# Problem statement:
Please give the listing again in full, leaving out its images.

# Given material:
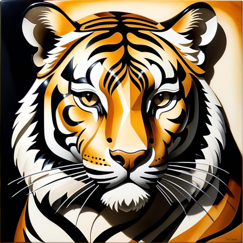 Stylized portrait of a tiger created in an Art Deco style, featuring onyx and jet black color tones. The image showcases geometric patterns and sharp contrasts inspired by Tamara de Lempicka and Erté's art, highlighting the tiger's striking orange, white, and black stripes with a detailed and elegant finish.
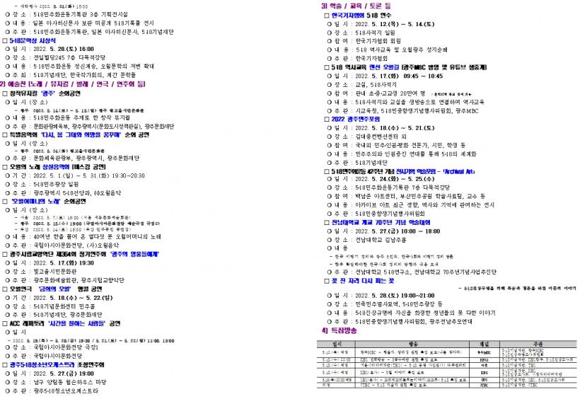 5¡¤18¹ÎÁÖȿ ±×³¯ÀÇ Âü»óÀ» Á÷Á¢ º¼ ¼ö ÀÖ´Â ´Ù¾çÇÑ Àü½Ãȸµµ ¿¸°´Ù. 5¡¤18Èñ»ýÀÚ °¡Á·ÀÇ Æ®¶ó¿ì¸¶¸¦ »çÁøÀ¸·Î ±â·ÏÇÑ ¡®±èÀºÁÖÀÛ°¡ »çÁøÀü¡¯, 5¡¤18°ú ¹ÎÁÖÀÎ±ÇÆòÈÀÇ °¡Ä¡¸¦ ¹ÌÇÐÀûÀ¸·Î ÀçÁ¶¸íÇÑ ¡®±¤ÁÖºñ¿£³¯·¹ º£´Ï½º Ưº°Àü¡¯, 5¡¤18°ü·Ã ³ë·¡¸¦ ¼Ò°³ÇÏ´Â ¡®ÀüÁøÇÏ´Â ¿À¿ù¡¯, 5¡¤18 ¿ª»ç±â·Ï ÀÛǰ°ú âÀÛ¹°À» Àü½ÃÇÏ´Â ¡®È£¸í 5‧18°Å¸®¹Ì¼úÀü¡¯, ÀϺ» ¡®¾Æ»çÈ÷ ½Å¹®»ç ¹Ì°ø°³ 5‧18±â·Ï¹° Ưº°Àü½Ã¡¯ µîÀ» °³ÃÖÇÑ´Ù.
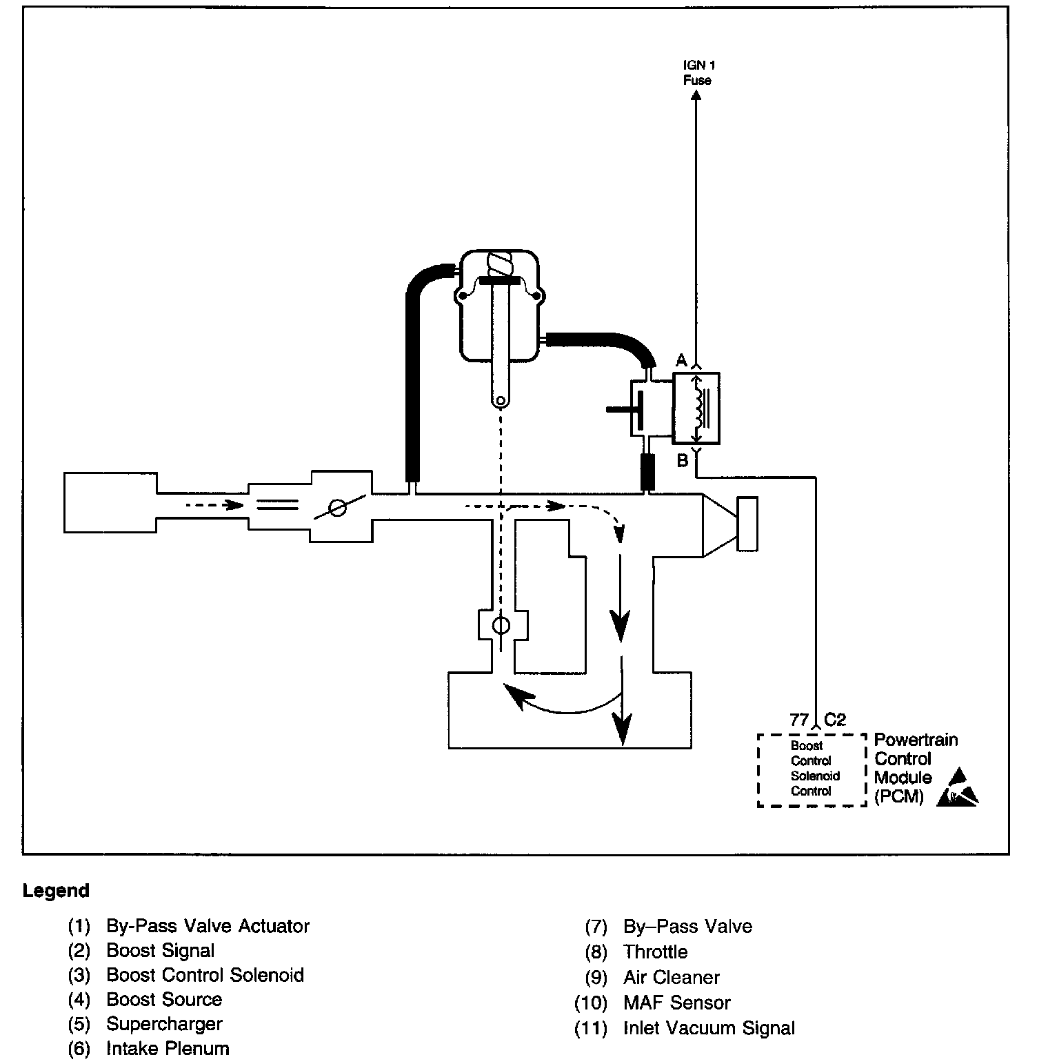 Under most conditions, the PCM commands the boost control solenoid to operate at a 100% duty cycle (ON) to allow full boost pressure upon demand. However, if reverse gear is selected or the PCM detects rapid deceleration or engine load is extremely high, reduced boost pressure is desired. Under these conditions, the PCM commands the boost control solenoid to operate at a 0% duty cycle (OFF), which opens the bypass valve. With the Bypass valve open, boost pressure is reduced by recirculating intake air back through the supercharger inlet.

# Output of the exercise:
 Stylized portrait of a tiger created in an Art Deco style, featuring onyx and jet black color tones. The image showcases geometric patterns and sharp contrasts inspired by Tamara de Lempicka and Erté's art, highlighting the tiger's striking orange, white, and black stripes with a detailed and elegant finish.
 5¡¤18¹ÎÁÖȿ ±×³¯ÀÇ Âü»óÀ» Á÷Á¢ º¼ ¼ö ÀÖ´Â ´Ù¾çÇÑ Àü½Ãȸµµ ¿¸°´Ù. 5¡¤18Èñ»ýÀÚ °¡Á·ÀÇ Æ®¶ó¿ì¸¶¸¦ »çÁøÀ¸·Î ±â·ÏÇÑ ¡®±èÀºÁÖÀÛ°¡ »çÁøÀü¡¯, 5¡¤18°ú ¹ÎÁÖÀÎ±ÇÆòÈÀÇ °¡Ä¡¸¦ ¹ÌÇÐÀûÀ¸·Î ÀçÁ¶¸íÇÑ ¡®±¤ÁÖºñ¿£³¯·¹ º£´Ï½º Ưº°Àü¡¯, 5¡¤18°ü·Ã ³ë·¡¸¦ ¼Ò°³ÇÏ´Â ¡®ÀüÁøÇÏ´Â ¿À¿ù¡¯, 5¡¤18 ¿ª»ç±â·Ï ÀÛǰ°ú âÀÛ¹°À» Àü½ÃÇÏ´Â ¡®È£¸í 5‧18°Å¸®¹Ì¼úÀü¡¯, ÀϺ» ¡®¾Æ»çÈ÷ ½Å¹®»ç ¹Ì°ø°³ 5‧18±â·Ï¹° Ưº°Àü½Ã¡¯ µîÀ» °³ÃÖÇÑ´Ù.
 Under most conditions, the PCM commands the boost control solenoid to operate at a 100% duty cycle (ON) to allow full boost pressure upon demand. However, if reverse gear is selected or the PCM detects rapid deceleration or engine load is extremely high, reduced boost pressure is desired. Under these conditions, the PCM commands the boost control solenoid to operate at a 0% duty cycle (OFF), which opens the bypass valve. With the Bypass valve open, boost pressure is reduced by recirculating intake air back through the supercharger inlet.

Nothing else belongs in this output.